Inkwell eighteenth painted porcelain and lead and supporting a quill, French manufacturing.
Charles X style patinated bronze inkwell representing a small Parisian art (or crumple mender) with a child (which recalls the "Manneken Pis") urinating in a bucket for windscreen pen.
Rare Brand travel inkwell "Rue" manufacturing English mahogany and 1880 lead.
Inkwell exception, ornamental piece with a fishing net scene, original and beautiful XIX inkwell bronze patina shade of green marble, the net cover contains the inkwell. green marble or green Guatemala QuetzalAustrian manufacturing.
travel inkwell cylindrical wood Macassar. Under the inside lug by closing lid conceals the vial glass cylindrical inkwell closed by a closure stopper spring system. This type of ink was used by the country doctors or agricultural livestock dealers.

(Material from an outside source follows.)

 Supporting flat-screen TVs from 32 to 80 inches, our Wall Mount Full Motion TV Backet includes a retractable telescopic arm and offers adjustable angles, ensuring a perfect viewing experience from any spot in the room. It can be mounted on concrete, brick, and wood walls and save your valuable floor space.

Inkwell polychrome bronze from the late nineteenth, like deer hunting scene, fine bronze work of Vienna-type French. Working nineteenth.

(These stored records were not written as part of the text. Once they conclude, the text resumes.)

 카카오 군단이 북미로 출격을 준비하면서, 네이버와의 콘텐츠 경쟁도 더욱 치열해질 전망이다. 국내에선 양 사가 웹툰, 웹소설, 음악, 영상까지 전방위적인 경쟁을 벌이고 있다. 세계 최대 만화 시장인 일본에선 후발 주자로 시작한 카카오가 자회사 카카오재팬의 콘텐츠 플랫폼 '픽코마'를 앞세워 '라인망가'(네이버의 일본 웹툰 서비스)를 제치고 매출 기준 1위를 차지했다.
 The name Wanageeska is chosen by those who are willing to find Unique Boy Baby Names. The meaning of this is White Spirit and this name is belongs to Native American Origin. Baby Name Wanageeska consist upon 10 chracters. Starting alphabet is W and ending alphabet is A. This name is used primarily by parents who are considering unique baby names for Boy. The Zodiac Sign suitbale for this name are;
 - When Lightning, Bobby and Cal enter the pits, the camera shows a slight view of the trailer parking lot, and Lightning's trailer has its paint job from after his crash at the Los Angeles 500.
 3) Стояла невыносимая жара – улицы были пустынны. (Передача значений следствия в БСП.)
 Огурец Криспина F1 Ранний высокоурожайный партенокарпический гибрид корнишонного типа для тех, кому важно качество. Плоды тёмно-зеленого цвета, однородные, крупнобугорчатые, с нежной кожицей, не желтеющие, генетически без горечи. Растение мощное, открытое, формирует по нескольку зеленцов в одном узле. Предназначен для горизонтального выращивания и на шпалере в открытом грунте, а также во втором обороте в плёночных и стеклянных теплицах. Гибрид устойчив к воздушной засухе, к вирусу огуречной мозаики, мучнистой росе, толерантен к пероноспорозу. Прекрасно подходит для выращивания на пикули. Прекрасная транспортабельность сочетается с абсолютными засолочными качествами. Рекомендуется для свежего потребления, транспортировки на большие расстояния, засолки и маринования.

Original inkwell religious 1930s with the Virgin Mary mounted on a marble top.
Original inkwell and bronze clock late nineteenth inspiration Napoleon III and Gothic with a carrier harbor pen and two scoops.French production from 1880 with original gilding.
Inkwell and pyrogenic made of patinated bronze in France in 1880. The subject is a well digger, the character is next to a fountain hiding an inkwell, there are two buckets and a trunk containing a pen wiper.
Inkwell quality with an Egyptian sphinx back style silvered bronze and golden French production in 1880
Monkey ink has brown patina bronze resting on a black marble base in the middle nineteenth executed in France, anthropomorphic scene of a bandit grimed eighteenth sitting monkey. The bucket features a fountain and a basket bottles welcomes doors feathers or pyrogenic. This fountain was executed with great finesse.
Inkwell in silver made by hand in Vietnam for local notables at the end of the nineteenth. All the reliefs are of great delicacy of execution, the buckets were designed also in silver. Scenes of daily life in the fields and rice paddies.